Total number of files = 338 + 1334 = 1672

dwalden@deployment-deploy03:~$ mwscript extensions/Phonos/maintenance/countOrphanedFiles.php --wiki=metawiki --wikis en_rtlwiki
102 in-use files found.
Finding unused files in storage...
1569 unused files found.

dwalden@deployment-deploy03:~$ mwscript extensions/Phonos/maintenance/countOrphanedFiles.php --wiki=metawiki --wikis en_rtlwiki,enwiktionary
102 in-use files found.
Finding unused files in storage...
1569 unused files found.

Total number of files = 102 + 1569 = 1671

dwalden@deployment-deploy03:~$ mwscript extensions/Phonos/maintenance/countOrphanedFiles.php --wiki=metawiki --wikis enwiktionary
0 in-use files found.
Finding unused files in storage...
1666 unused files found.

This is the same number as reported by Swift.
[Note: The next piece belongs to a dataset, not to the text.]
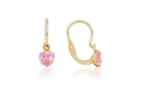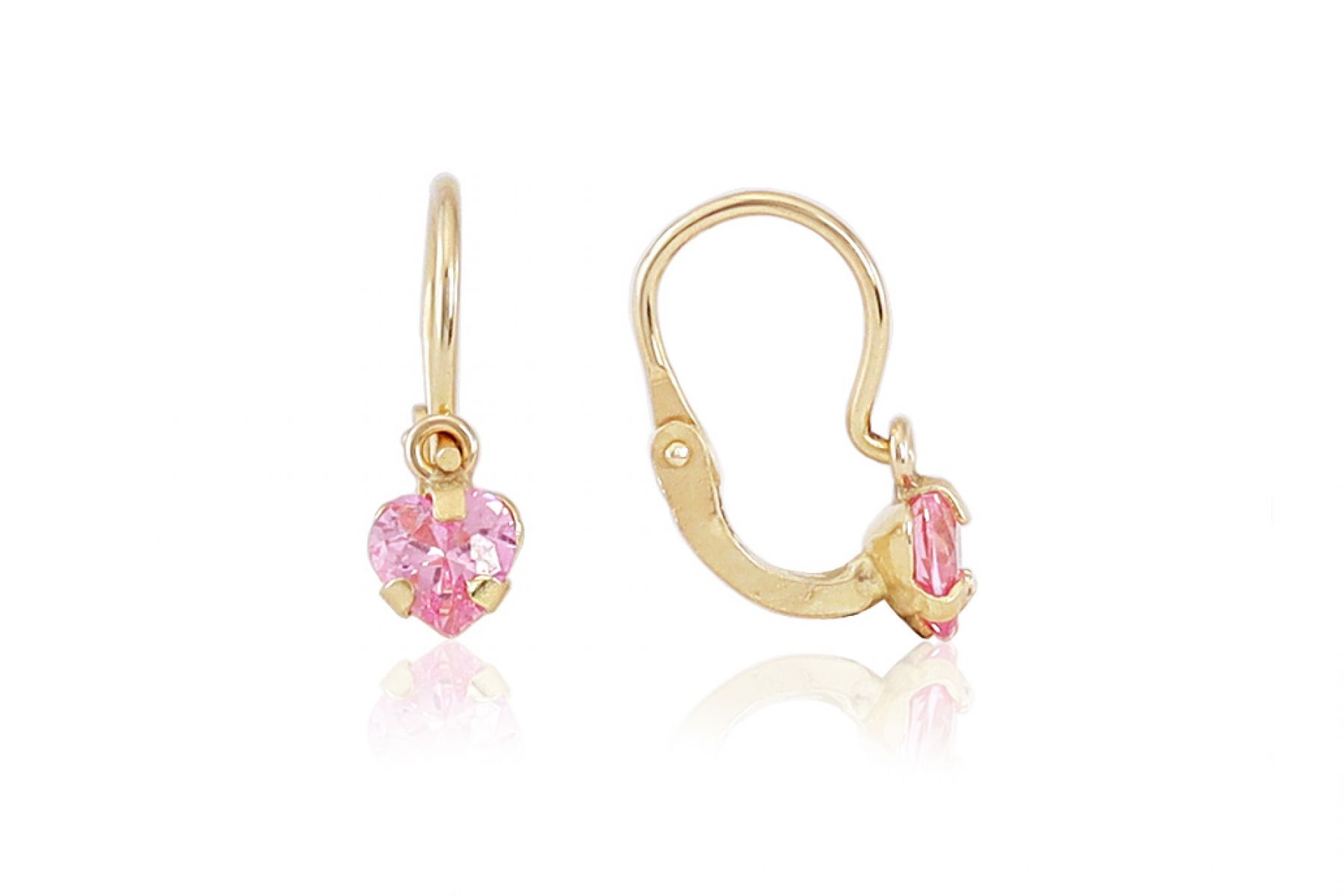 Arany baba fülbevaló elölkapcsos foglaltköves szívecske rózsaszín
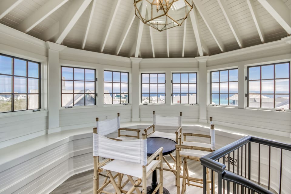 The third floor features an expansive master suite, complete with a sitting room, coffee bar and a private bath. Once in the sitting room of the master suite you will find a spiral stair case that leads to the perfect spot for relaxing after a long day. It is a circular room with plenty of seating and windows that overlook the Gulf and Rosemary Beach.Living the Dream Carriage House is a 2 bedroom, 1 bathroom located in the heart of Rosemary Beach. This delightful, sunlit carriage house is only a few steps from the Town Center, Barbados or Coquina pools, and the beach!

@dom_walden Before I do more debugging, let me double-check you've recently ran the refreshLinks.php script as you did for T326163? Beta is weird so I wouldn't be surprised if there's data missing there. Also it looks like there's at least one page on metawiki that uses Phonos, so you'll want to include that in the --wikis list as well. I know it's a bit confusing because you're running the script itself on metawiki.

This is really hard to test locally because I don't have a wiki farm, or Swift for that matter. If you're still seeing discrepancies after running refreshLinks again and including metawiki, then I might seek deployment rights for Beta so I can debug there.

@dom_walden Before I do more debugging, let me double-check you've recently ran the refreshLinks.php script as you did for T326163? Beta is weird so I wouldn't be surprised if there's data missing there. Also it looks like there's at least one page on metawiki that uses Phonos, so you'll want to include that in the --wikis list as well. I know it's a bit confusing because you're running the script itself on metawiki.

@MusikAnimal I just ran refreshLinks.php on enwiki, en_rtlwiki, enwiktionary and metawiki.

swift list returns 1055 files in total.

dwalden@deployment-deploy03:~$ mwscript extensions/Phonos/maintenance/countOrphanedFiles.php --wiki=metawiki
...
356 in-use files found. 7 sites skipped due to errors.
Finding unused files in storage...
711 unused files found.

dwalden@deployment-deploy03:~$ mwscript extensions/Phonos/maintenance/countOrphanedFiles.php --wiki=metawiki --wikis enwiki,en_rtlwiki,enwiktionary,metawiki
356 in-use files found.
Finding unused files in storage...
711 unused files found.

356 + 711 = 1067

dwalden@deployment-deploy03:~$ mwscript extensions/Phonos/maintenance/countOrphanedFiles.php --wiki=metawiki --wikis enwiki
338 in-use files found.
Finding unused files in storage...
723 unused files found.

338 + 723 = 1061

This has been sitting here for a while. I was not able to reproduce the possible remaining bug Dom found at T324233#8784518 on my local, and may require assistance from a deployer to diagnose further. I'm going to unlick this cookie.